It was alarming when President Barack Obama, acting on the basis of a U.N. resolution, ordered U.S. airstrikes on forces controlled by dictator Moammar Gadhafi in Libya.
Gadhafi's departure would be welcome, but the president had not gotten constitutionally required authorization from Congress for a war on Libya. And it's unclear just what Obama hopes to accomplish - Gadhafi's removal, a stalemate between Gadhafi and the rebels, or something else. In addition, we do not yet really know whether the rebels would be a definite improvement over Gadhafi's despotism.
But with the United States' and other nations' attacks on Libya having failed to stop Gadhafi decisively, there is now unwise talk of expanding U.S. involvement by putting our troops on the ground there.
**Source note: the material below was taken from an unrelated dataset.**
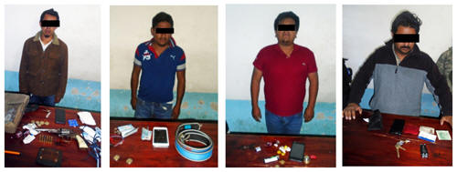 De los cuatro sujetos, dos son originarios del municipio de Teteles de Ávila Castillo, Mario Alberto “N.” de 35 años de edad y Luis Huerta “N.” de 28 años, y los otros dos son del municipio de Teziutlán Luis Gerardo “N” de 22 años de edad y Andrés Nicolás “N.” de 26 años de edad. Luego de que fueron asegurados, fueron trasladados a la ciudad de Puebla, donde se pondrán a disposición de la Procuraduría General de la República (PGR) por el delito de portación ilegal de arma de fuego de uso exclusivo del ejército.

Testifying at a Senate hearing, U.S. Army Gen. Carter Ham, who until recently directed the U.S. attacks on Libya, was asked whether the United States would make U.S. soldiers part of a NATO-led force in Libya.
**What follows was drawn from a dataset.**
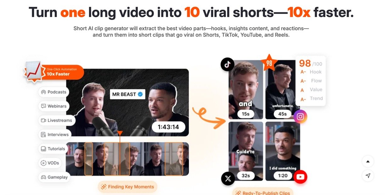 Content Repurposing: Converts long videos like podcasts, webinars, or tutorials into engaging clips for broader reach.
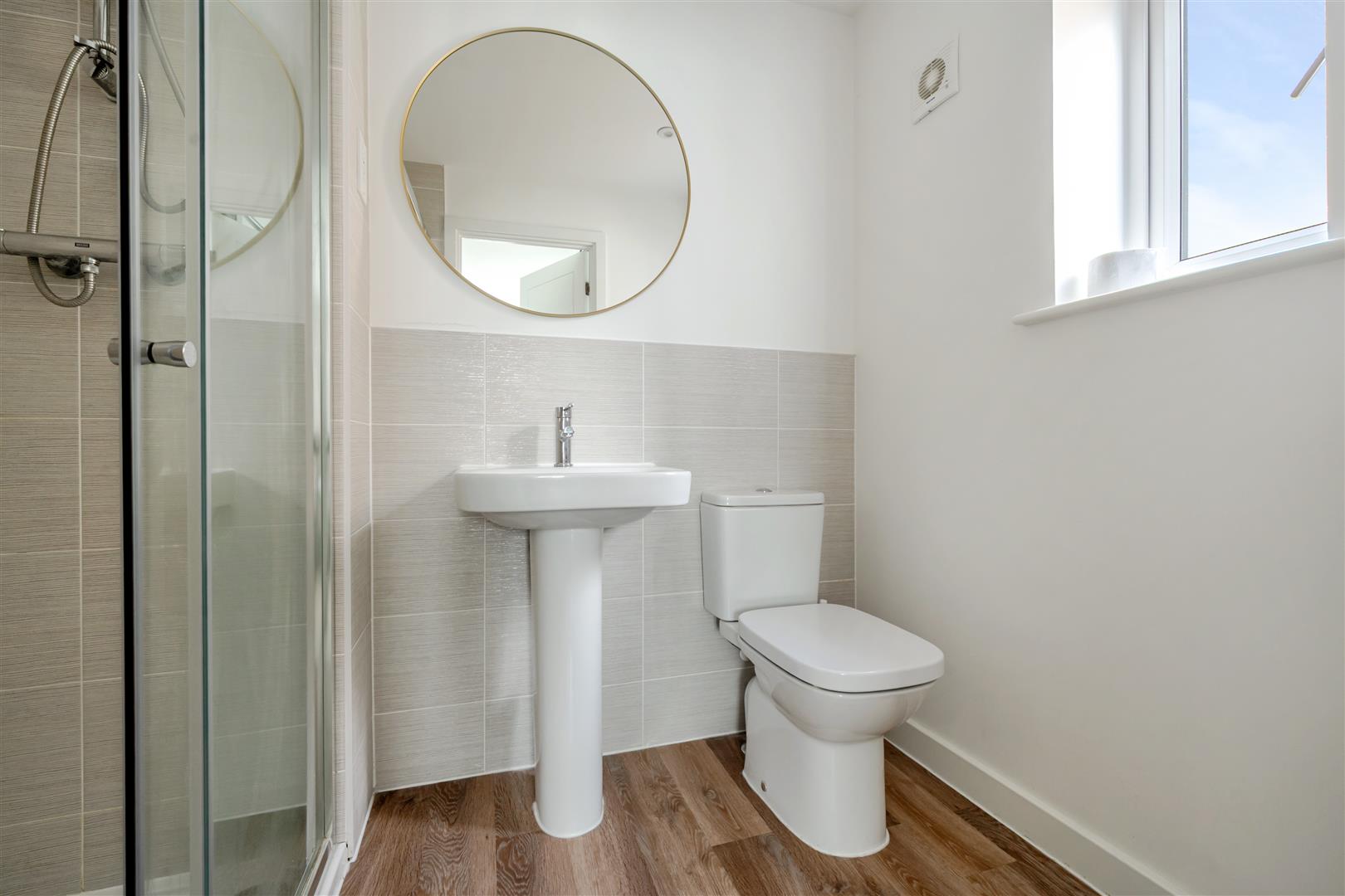 En Suite Shower Room - 2.3m x 1.4m (7'6" x 4'7" ) - Obscured double glazed window to side aspect, modern matching three piece suite comprising pedestal wash hand basin with mixer tap over, low level WC and walk in shower cubicle with shower off mains supply over, heated towel rail, extractor fan, tiled splashbacks to all wet areas.

"I suspect there might be some consideration of that," he said.
There shouldn't be!
Americans are horrified by Gadhafi's treatment of his own people. But we cannot halt all human rights abuses around the world. And there is neither a vital U.S. interest nor an imminent threat to the United States from Libya that would justify greater U.S. military intervention.
Involving American soldiers in Libya's civil war would be a horrible idea!
Fortunately, the president has said - so far - that he doesn't plan to do that. But if he later considers U.S. intervention on the ground in Libya, he should get congressional approval to do so.